Hace unos días, Putin cumplía 70 años. Su aniversario lo pasó en su San Petersburgo natal. Al parecer no dejó de trabajar, enfrentado a la encerrona militar y al suicidio económico en que ha devenido la invasión de Ucrania (en los dos primeros meses de guerra Rusia perdió más hombres que en diez años en la catástrofe de Afganistán). El artista Alexei Sergienko le ha regalado por sus 70 años un retrato que lo humaniza: Putin con un cachorro. Se ve a Vladimir Vladimirovich abrazando amorosamente a un cánido, sobre fondo azul cobalto con margaritas (todo mezcla de arte pop y de colorida botánica a lo David Hockney). El lienzo mide ahora dos metros por dos (antes otro anterior e igual medía uno por uno). El artista explica el aumento de la tela porque ahora Rusia tiene un tamaño mayor…

El inefable presidente checheno Ramzan Kadirov (crítico con el afeminamiento bélico de Rusia sobre Ucrania y ahora ascendido a coronel general por el propio Putin), celebró el aniversario del líder en el otrora infierno de Grozni con carreras de caballos y exhibición de artes marciales, tan del gusto del judoka Putin.

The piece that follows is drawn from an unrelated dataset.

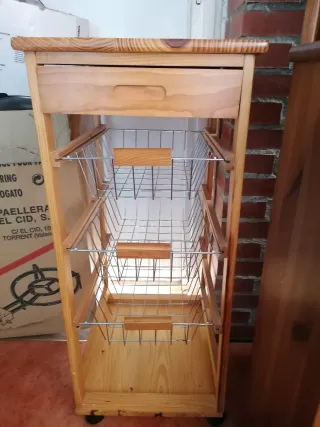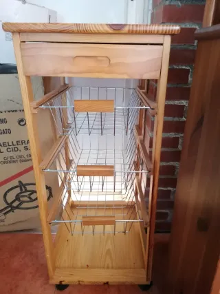 Carrito auxiliar de cocina con un diseño práctico y funcional. - Fabricado en madera. - Color beige. - Incluye ruedas para facilitar su movilidad. -tiene unos pequeños arañazos donde se ve en la última fotografía ,se puede pintar y queda como nuevo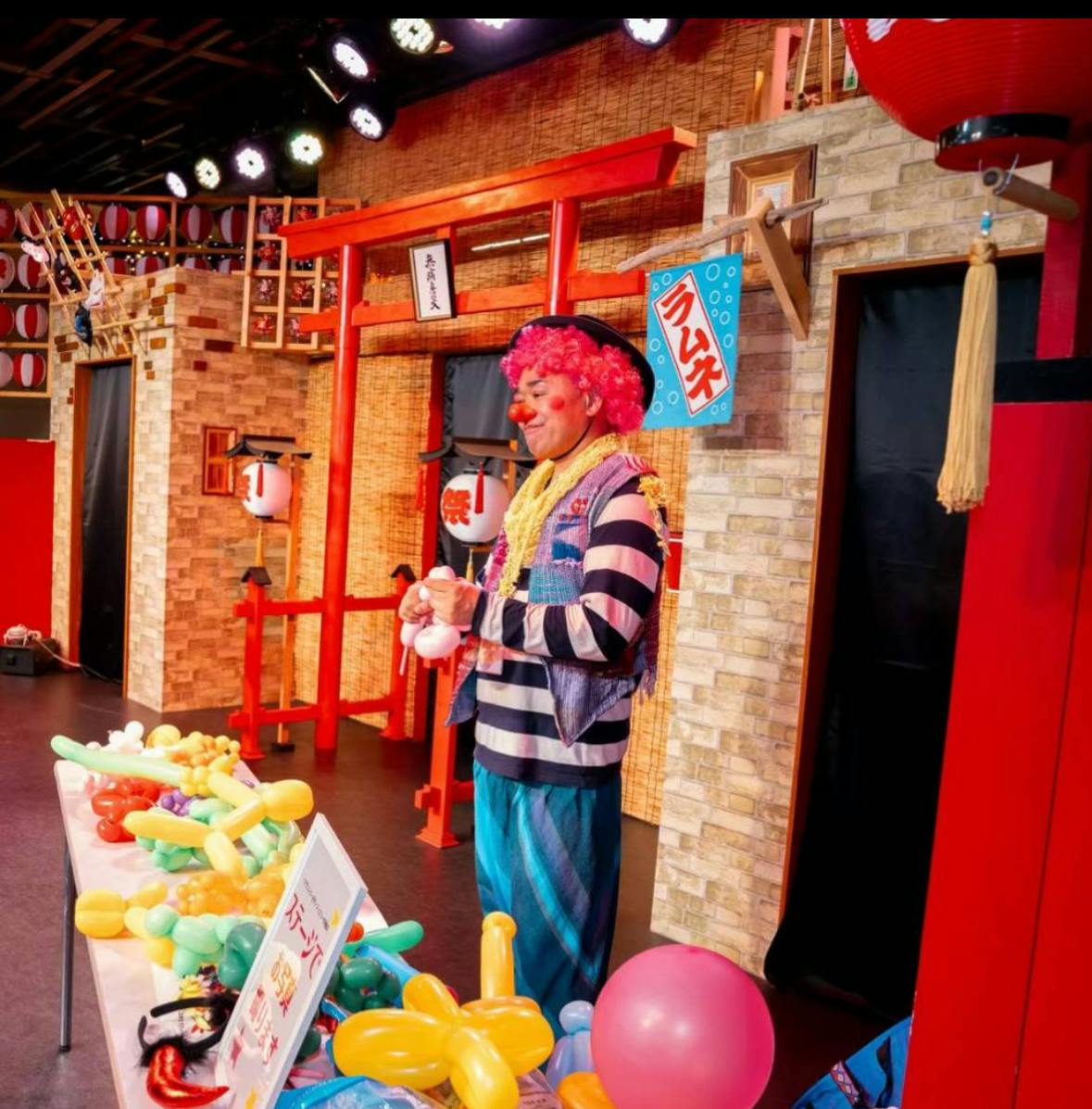ステージでピエロさんから風船もらってくださいね

Asegura Sergei Guriev, politólogo y economista ruso exiliado, que el colosal déficit fiscal que está acarreando la guerra (casi no hay dinero para más mercenarios), podría atisbar el final de Putin. Rusia ha retrocedido a 1970. Hay un Putin antes y después del coronavirus, como recuerda Galeotti. Ha vivido la pandemia en una burbuja de bioseguridad. Para despachar con el emperador, los escasos invitados tenían que pasar por un pasillo antibacteriano alumbrado con luz ultravioleta. Ha errado el cálculo en Ucrania, jugando a historiador aficionado, y ahora hay que ofrecerle una salida, pero sin humillar al oso acorralado (Macron dixit).